* [What is required]: Restate the listing below line for line and word for word, without the pictures.

* [Records supplied]:
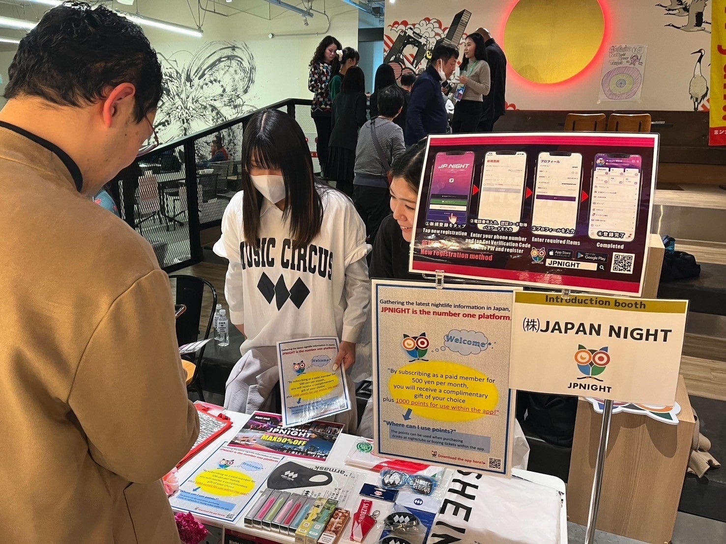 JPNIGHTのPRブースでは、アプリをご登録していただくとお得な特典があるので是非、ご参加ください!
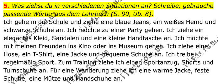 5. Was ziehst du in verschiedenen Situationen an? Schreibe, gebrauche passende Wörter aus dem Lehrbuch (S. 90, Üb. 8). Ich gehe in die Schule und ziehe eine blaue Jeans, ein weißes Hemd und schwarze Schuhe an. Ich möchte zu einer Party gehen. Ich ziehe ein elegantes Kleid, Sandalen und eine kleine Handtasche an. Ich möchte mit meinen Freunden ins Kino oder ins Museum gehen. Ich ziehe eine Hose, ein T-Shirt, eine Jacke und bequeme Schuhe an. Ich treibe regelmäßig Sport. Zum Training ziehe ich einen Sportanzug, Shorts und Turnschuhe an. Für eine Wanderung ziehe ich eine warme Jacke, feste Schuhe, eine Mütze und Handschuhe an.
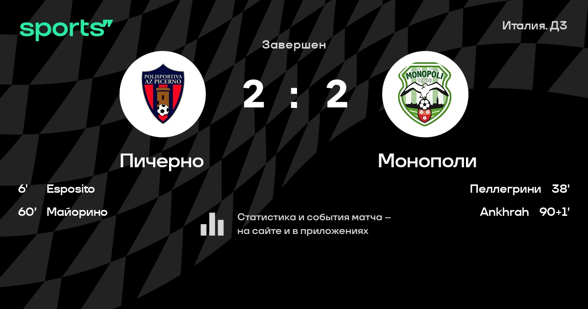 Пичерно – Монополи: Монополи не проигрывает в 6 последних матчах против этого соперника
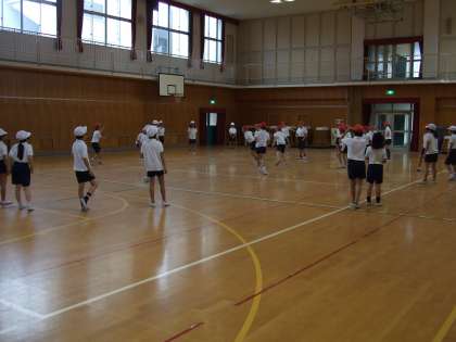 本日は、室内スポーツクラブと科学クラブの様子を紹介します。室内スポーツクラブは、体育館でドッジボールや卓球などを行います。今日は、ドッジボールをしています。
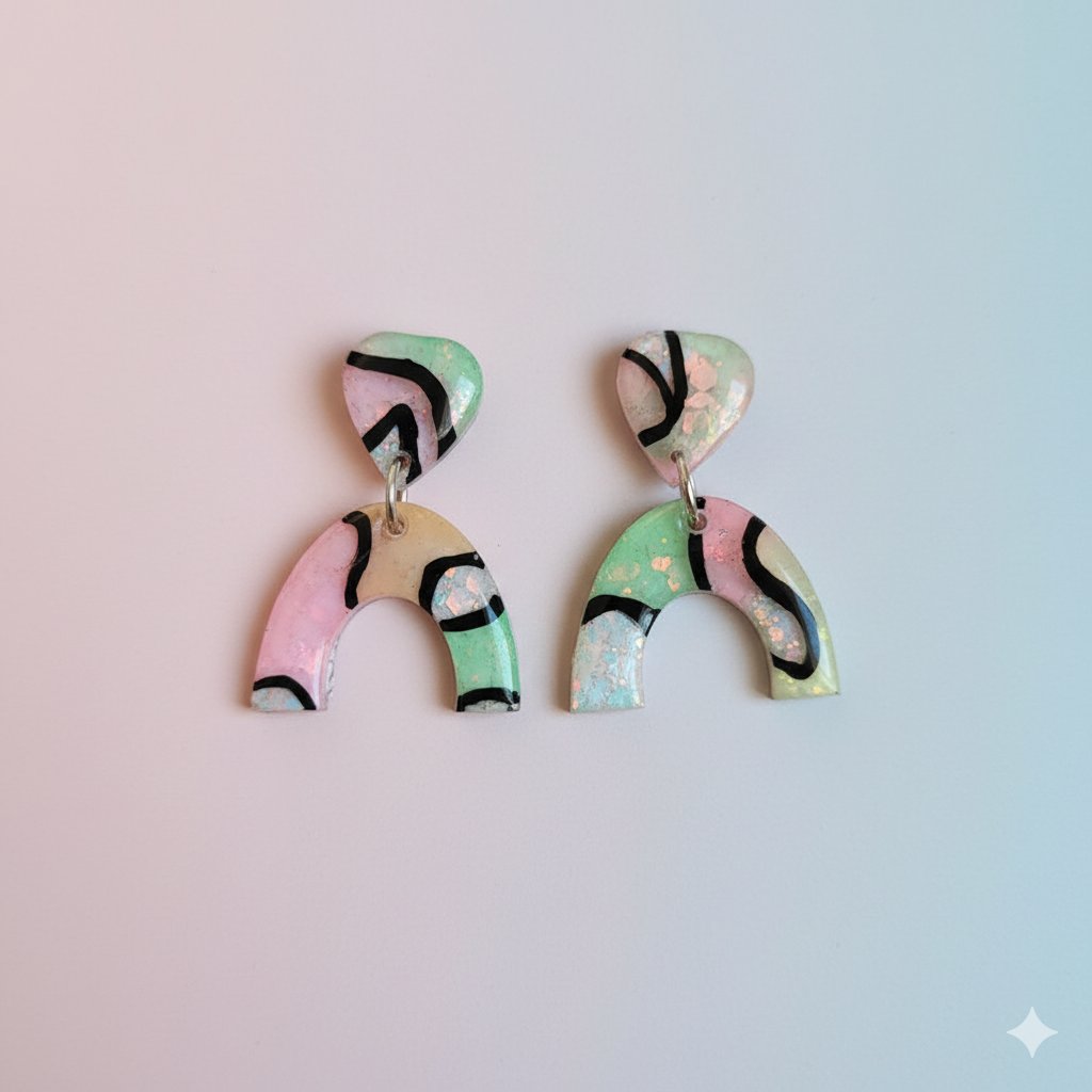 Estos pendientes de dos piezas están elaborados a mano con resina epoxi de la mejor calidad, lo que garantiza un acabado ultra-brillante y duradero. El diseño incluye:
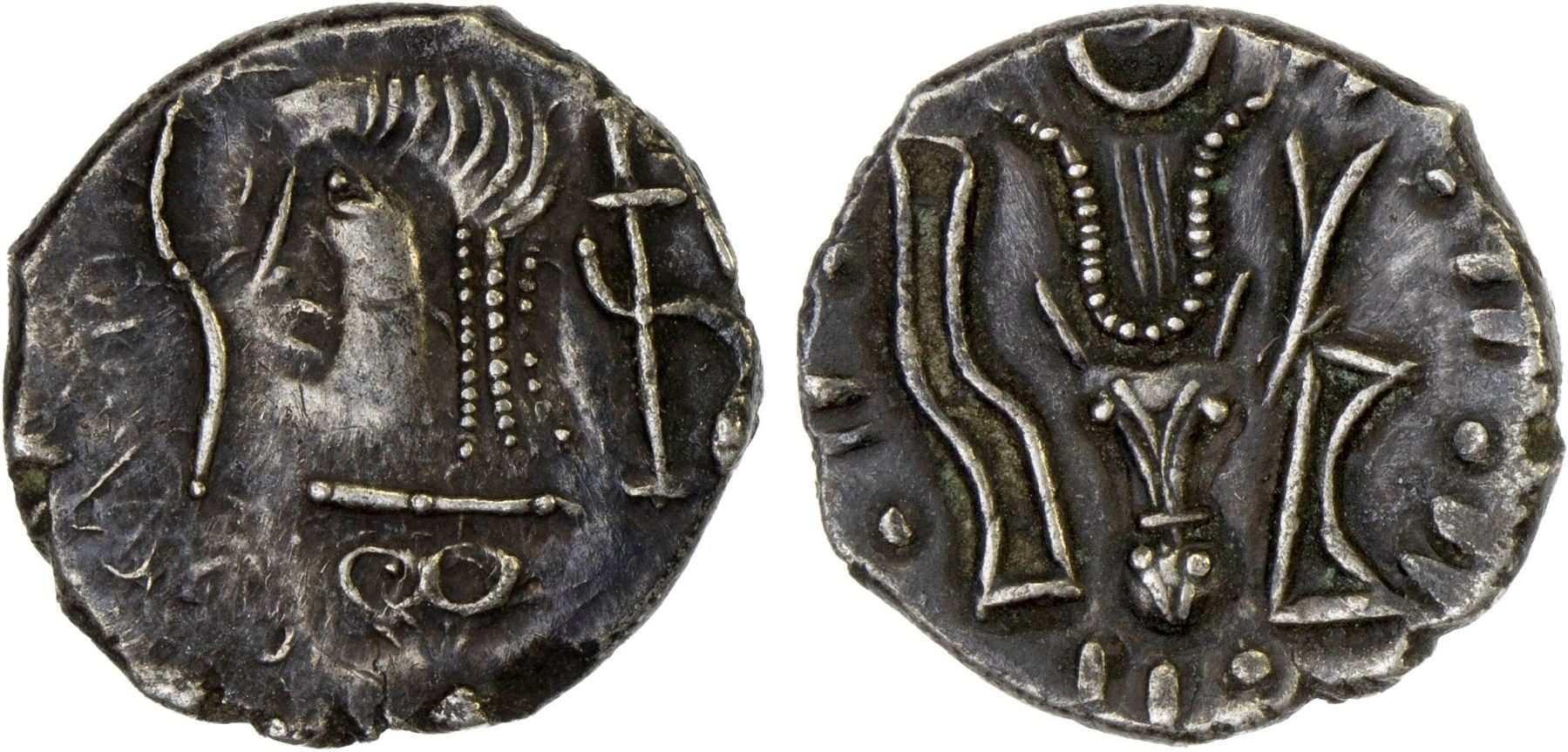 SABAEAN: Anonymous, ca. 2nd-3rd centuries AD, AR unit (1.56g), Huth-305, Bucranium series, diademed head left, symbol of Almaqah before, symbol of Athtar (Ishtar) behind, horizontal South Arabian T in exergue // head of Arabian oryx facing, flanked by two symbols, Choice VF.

* [Worked solution]:
 JPNIGHTのPRブースでは、アプリをご登録していただくとお得な特典があるので是非、ご参加ください!
 5. Was ziehst du in verschiedenen Situationen an? Schreibe, gebrauche passende Wörter aus dem Lehrbuch (S. 90, Üb. 8). Ich gehe in die Schule und ziehe eine blaue Jeans, ein weißes Hemd und schwarze Schuhe an. Ich möchte zu einer Party gehen. Ich ziehe ein elegantes Kleid, Sandalen und eine kleine Handtasche an. Ich möchte mit meinen Freunden ins Kino oder ins Museum gehen. Ich ziehe eine Hose, ein T-Shirt, eine Jacke und bequeme Schuhe an. Ich treibe regelmäßig Sport. Zum Training ziehe ich einen Sportanzug, Shorts und Turnschuhe an. Für eine Wanderung ziehe ich eine warme Jacke, feste Schuhe, eine Mütze und Handschuhe an.
 Пичерно – Монополи: Монополи не проигрывает в 6 последних матчах против этого соперника
 本日は、室内スポーツクラブと科学クラブの様子を紹介します。室内スポーツクラブは、体育館でドッジボールや卓球などを行います。今日は、ドッジボールをしています。
 Estos pendientes de dos piezas están elaborados a mano con resina epoxi de la mejor calidad, lo que garantiza un acabado ultra-brillante y duradero. El diseño incluye:
 SABAEAN: Anonymous, ca. 2nd-3rd centuries AD, AR unit (1.56g), Huth-305, Bucranium series, diademed head left, symbol of Almaqah before, symbol of Athtar (Ishtar) behind, horizontal South Arabian T in exergue // head of Arabian oryx facing, flanked by two symbols, Choice VF.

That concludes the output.